Source data:
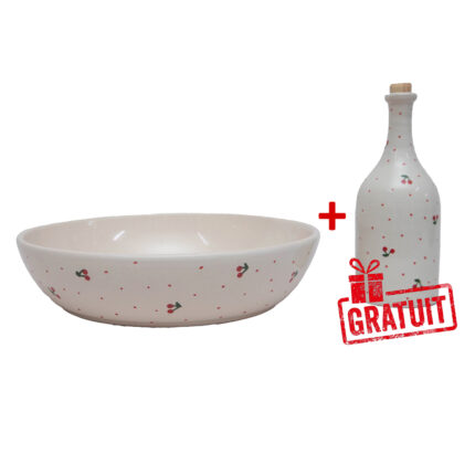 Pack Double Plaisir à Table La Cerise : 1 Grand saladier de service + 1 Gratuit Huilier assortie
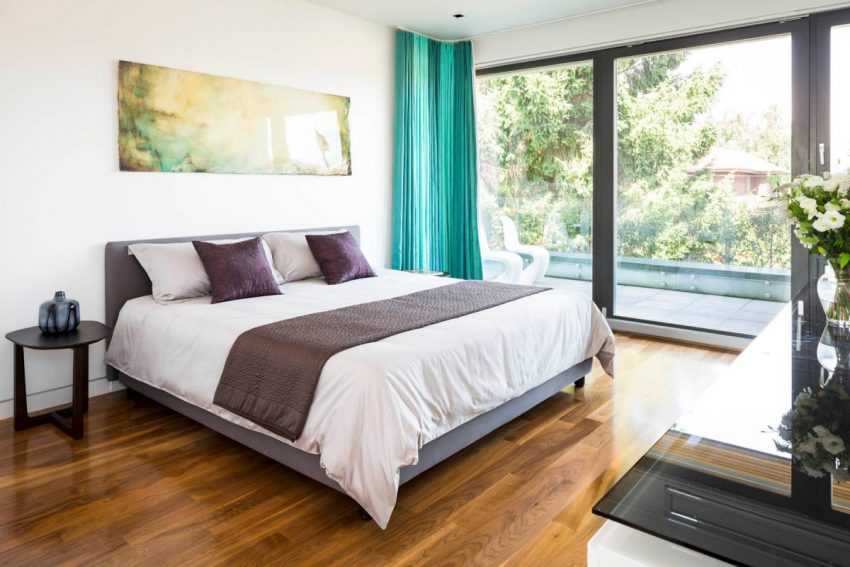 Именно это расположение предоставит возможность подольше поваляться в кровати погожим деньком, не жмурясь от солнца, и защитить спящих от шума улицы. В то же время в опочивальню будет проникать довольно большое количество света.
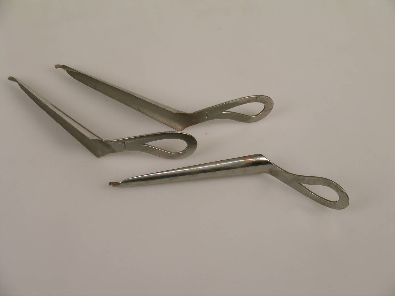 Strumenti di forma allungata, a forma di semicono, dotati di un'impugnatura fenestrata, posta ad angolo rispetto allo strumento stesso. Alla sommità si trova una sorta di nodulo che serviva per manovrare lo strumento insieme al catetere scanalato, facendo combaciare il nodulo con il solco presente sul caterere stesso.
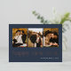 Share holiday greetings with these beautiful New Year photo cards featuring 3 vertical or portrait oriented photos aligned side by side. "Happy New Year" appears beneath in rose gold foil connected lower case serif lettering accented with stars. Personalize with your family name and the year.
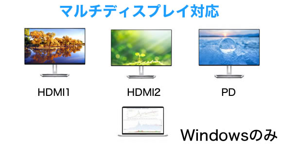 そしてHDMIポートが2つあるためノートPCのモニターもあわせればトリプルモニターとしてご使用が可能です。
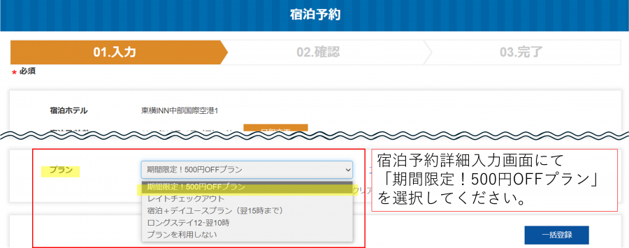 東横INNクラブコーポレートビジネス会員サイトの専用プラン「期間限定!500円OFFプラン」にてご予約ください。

*Exercise*:
Starting at the line that contains "Share holiday greetings" and ending at the final line of the data, reproduce each line exactly. Pictures stay out of the copy.

*Output*:
 Share holiday greetings with these beautiful New Year photo cards featuring 3 vertical or portrait oriented photos aligned side by side. "Happy New Year" appears beneath in rose gold foil connected lower case serif lettering accented with stars. Personalize with your family name and the year.
 そしてHDMIポートが2つあるためノートPCのモニターもあわせればトリプルモニターとしてご使用が可能です。
 東横INNクラブコーポレートビジネス会員サイトの専用プラン「期間限定!500円OFFプラン」にてご予約ください。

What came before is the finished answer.